I tried to remember that some of those couples were my friends. They were gathered in the distance, drinking and laughing. I made them my oasis. Diamonds pierced the darkness and led the way. I shifted from side to side, nodded hello, said every requisite "nice to see you," and replied "great" every time someone asked, "Hey, how are you?" I reached for whatever kebab happened to pass and would point to my busily chewing mouth as if I'd love to chat but had bitten off more than I could chew.
Ever since the divorce I had answered the question "What's new?" countless times, in every permutation possible. "Everything's good!" "Everything's great!" I did not want to talk about my social life (I didn't have one) or even the well-being of my kids ("They're adjusting; you know kids!").
I made it through the gauntlet to my friends and joined in their conversation, already in progress. They greeted me as they always had. No one looked at me sideways for being alone. I ordered a drink. I laughed. Everything felt the same. I hadn't slipped down the steps or through the cracks.

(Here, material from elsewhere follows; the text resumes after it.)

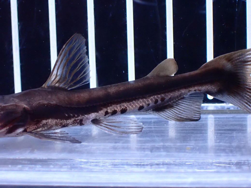 パラグアイ便で入荷しております、本種ですがタイガーシャベルノーズキャットとシャベルノーズキャットの雰囲気を持っているように感じますので、おそらく自然交配種ではないかと思います。

And then, without warning, the band kicked into gear. Horns and a keyboard and everything else that makes music sound real. Add a female vocalist belting out 80s tunes and my girlfriends, sans spouses, moved in unison onto the dance floor. They were singing and dancing, holding martini glasses in the air like children clinging to balloons.
I thought I had made it to the other side of my fear if only for the moment, but now this. Because what do I get when I cross a group of girlfriends with good music?
Panic. I had not danced in 20 years.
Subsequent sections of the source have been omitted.